4. Explain the different types of metal carbonyls: there are two main types of metal carbonyls, namely, neutral metal carbonyls and ionic metal carbonyls. Neutral metal carbonyls are composed of a metal atom and a carbon monoxide molecule, while ionic metal carbonyls are composed of a metal cation and a carbon monoxide anion.

5. Finally, discuss the implications of metal carbonyls: metal carbonyls are important in many industrial processes, such as the production of fuels and chemicals, and they can also be used as catalysts in certain reactions.

Question:

Draw the structures of optical isomers of: (i) [Cr(C₂​O₄​)₃]^3- (ii) [PtCl₂(en)₂]²⁺ (iii) [Cr(NH₃)2​Cl₂(en)]⁺

Answer:

(i) [Cr(C₂O₄)3]^3-

Optical Isomer 1:

Optical Isomer 2:

(ii) [PtCl₂(en)2]²⁺

Optical Isomer 1:

Optical Isomer 2:

(iii) [Cr(NH₃)2Cl₂(en)]⁺

Optical Isomer 1:

Optical Isomer 2:

Question:

List various types of isomerism possible for coordination compounds, giving an example of each.

Answer:

1. Structural Isomerism: Structural isomerism occurs when the same atoms are connected in different arrangements.
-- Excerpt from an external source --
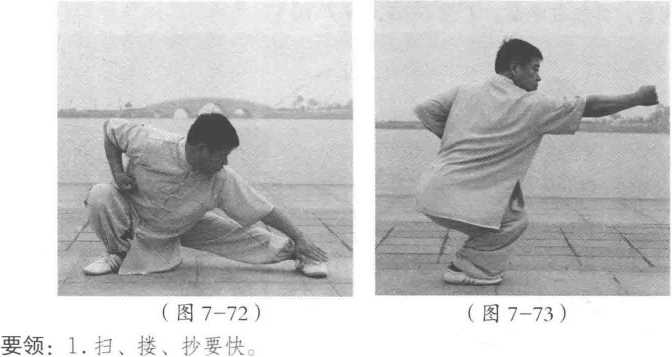 接上式.动作不停,左手掌心朝下,由右肋向下方裆部,顺左腿方向到左脚扫、搂、 抄变拳回到左肋,拳心向上,同时,右脚上步振脚,身体下蹲,右拳从身体右肋向前 立拳击出,目视右拳。(图7-72、图7-73)

An example of structural isomerism in coordination compounds is cis-diaquabis(ethylenediamine)cobalt(III) chloride and trans-diaquabis(ethylenediamine)cobalt(III) chloride.

2. Linkage Isomerism: Linkage isomerism occurs when the same atoms are connected in different ways. An example of linkage isomerism in coordination compounds is diaquabis(ethylenediamine)cobalt(III) chloride and diaquabis(ethylenediamine)cobalt(III) bromide.

3. Coordination Isomerism: Coordination isomerism occurs when the same atoms are connected in different ways and the coordination number of the metal ion is different. An example of coordination isomerism in coordination compounds is diaquabis(ethylenediamine)cobalt(III) chloride and diaquadichlorocobalt(III) chloride.

4. Geometric Isomerism: Geometric isomerism occurs when the same atoms are connected in different ways and the geometry of the molecule is different. An example of geometric isomerism in coordination compounds is cis-diaquabis(ethylenediamine)cobalt(III) chloride and trans-diaquabis(ethylenediamine)cobalt(III) chloride.

Question:

Discuss the nature of bonding in the following coordination entities on the basis of valence bond theory: (i) [Fe(CN)₆]^4- (ii) [FeF₆]^3- (iii) [Co(C₂​O₄​)₃]^3- (iv) [CoF₆]^3-

Answer:

(i) [Fe(CN)₆]^4-: The bonding in [Fe(CN)₆]^4- is a combination of covalent and ionic bonding. The Fe-C and Fe-N bonds are covalent in nature and the Fe-CN bonds are ionic in nature.

(ii) [FeF₆]^3-: The bonding in [FeF₆]^3- is mainly ionic in nature. The Fe-F bonds are ionic due to the difference in electronegativity of Fe and F.

(iii) [Co(C₂​O₄​)₃]^3-: The bonding in [Co(C₂​O₄​)₃]^3- is a combination of covalent and ionic bonding. The Co-C bonds are covalent in nature and the Co-O bonds are ionic in nature.

(iv) [CoF₆]^3-: The bonding in [CoF₆]^3- is mainly ionic in nature. The Co-F bonds are ionic due to the difference in electronegativity of Co and F.